Another test conducted within the scope of this study is a list of the most frequently occurring words by discipline. The list of the top ten most common verbs for each discipline is provided in Appendix 1. When Appendix 2 is examined, it is evident that the adjectives are almost entirely different for each discipline. Upon examining this list, it is evident that the verbs vary minimally across disciplines. Figure 3, on the other hand, displays a word cloud generated from the most frequently used verbs across the entire dataset.
Figure 4 presents a word cloud generated from the most frequently used nouns. The inclusion of the term “Turkey” is believed to be a result of examining theses from Turkey. The other words in the word cloud are consistent with thesis writing and academic language.
DISCUSSION
Our research findings delineate a heightened lexical richness in the social sciences compared to the natural sciences. Notably, the variability in lexical richness across these disciplines was not significantly distinct. These insights contribute to our understanding of lexical diversity in academic writing and underscore the necessity of striking a balance between word richness and readability. The results suggest that various academic disciplines possess distinct language and style attributes, with both social and natural sciences exhibiting discernible lexical richness. This demonstrates that each discipline possesses its unique lexicon shaped by the discipline’s specific topics and research methods. In the natural sciences, which often employ a more technical and specific language, a lower lexical richness might be anticipated, given the typically narrower focus of the studies. Conversely, the social sciences typically engage with broader and varied topics, necessitating a more extensive language repertoire. These results underscore the significance of language in scientific communication and highlight the need to recognize the critical role of language in the transmission of scientific knowledge. We propose that academic writing should consider this role of language to enhance interdisciplinary comprehension.
Table 2 reveals significant variances in word richness, unique word count, and total word count across different disciplines. For instance, despite having the highest total word count (2,727,715), the discipline of History exhibits the lowest lexical richness (0.0256). This could be attributed to historical studies often covering a broad range of topics, thereby necessitating a larger vocabulary. Nevertheless, it also reveals the tendency of historical studies to utilize a particular language and style that tends to be more general and broader. Conversely, the discipline of Biomedicine displays the highest lexical richness (0.0690), indicative of its usage of technical and specific language. This suggests that research in this field often focuses on very specific and specialized topics, thereby necessitating a larger vocabulary. Furthermore, the high lexical richness in Literature (0.0602) indicates that literary studies often cover broad and varied topics, requiring a wider vocabulary. The varying emphasis on different word types (noun, verb, adjective) across disciplines highlights distinct stylistic and linguistic differences.

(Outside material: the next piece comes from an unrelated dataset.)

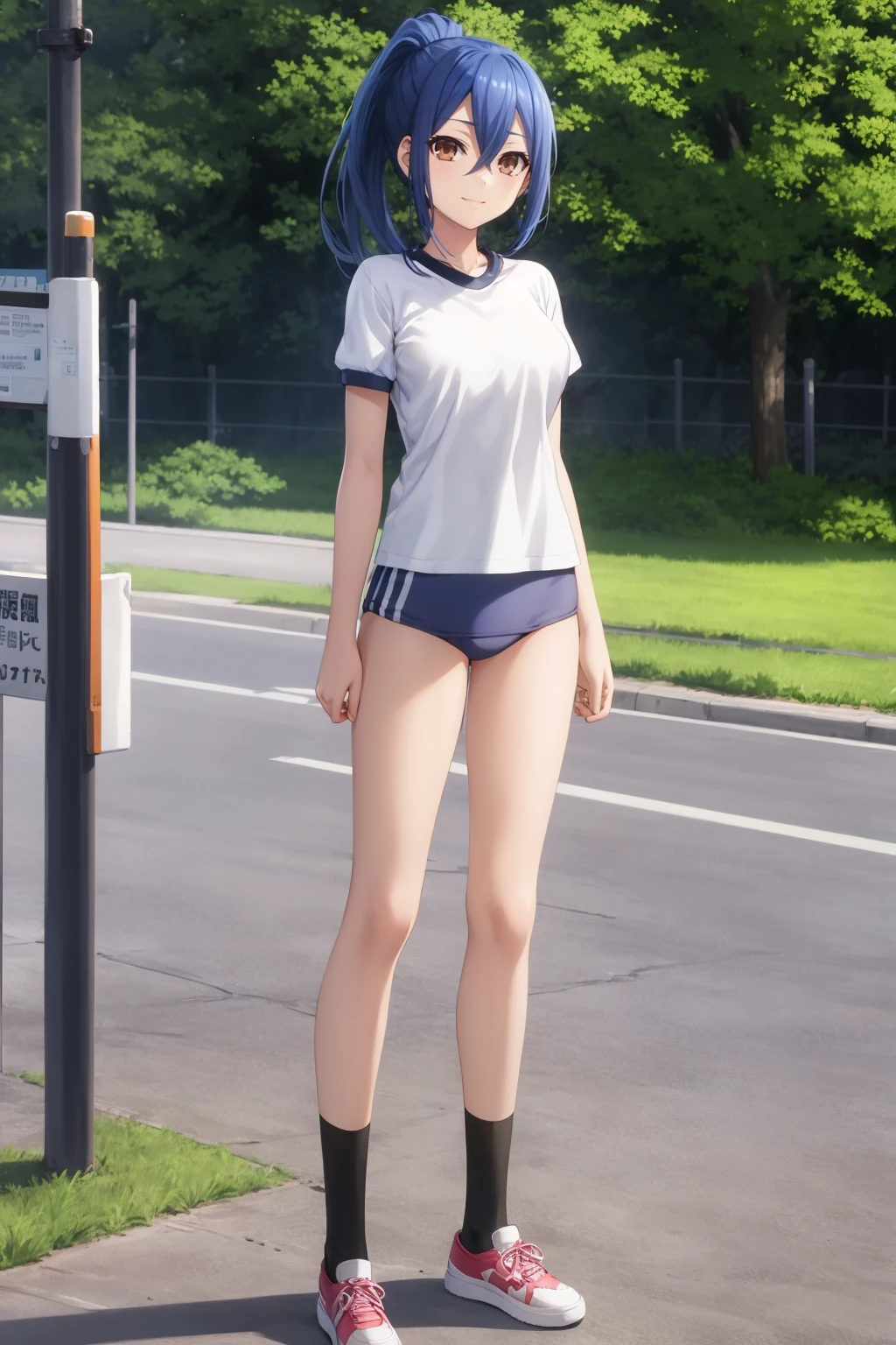 Gym outfit prompts : gym uniform, white shirt, black buruma, black socks, red shoes

The effects of the normalization process on lexical richness are evident in Table 2. For instance, the lexical richness of the Biomedicine discipline rose from 0.069 to 6.27 after normalization. Similarly, the lexical richness of History increased from 0.0256 to 1.16 after normalization. This demonstrates that through normalization, each discipline’s lexical richness becomes proportional to the total word count. Disciplines with increased lexical richness ratio post-normalization (Biomedicine, Life Sciences, Medicine and Public Health, Computer Sciences, Literature) are generally those requiring the use of specific terms and jargon. Conversely, disciplines with a reduced lexical richness ratio post-normalization (Mathematics, Linguistics, History) tend to write about more general and broad concepts.
The findings of this study hold significant implications for academic writing instruction. By identifying frequently used word types and general lexical richness in specific disciplines, educators can guide students in adopting language and stylistic features to enhance their writing efficacy.
Such an analysis can also assist in enhancing interdisciplinary communication. In interdisciplinary studies, the specific vocabulary and language use of a certain discipline may be complex and unintelligible for individuals outside the discipline. By providing more information about interdisciplinary language use, this study can help to overcome such barriers.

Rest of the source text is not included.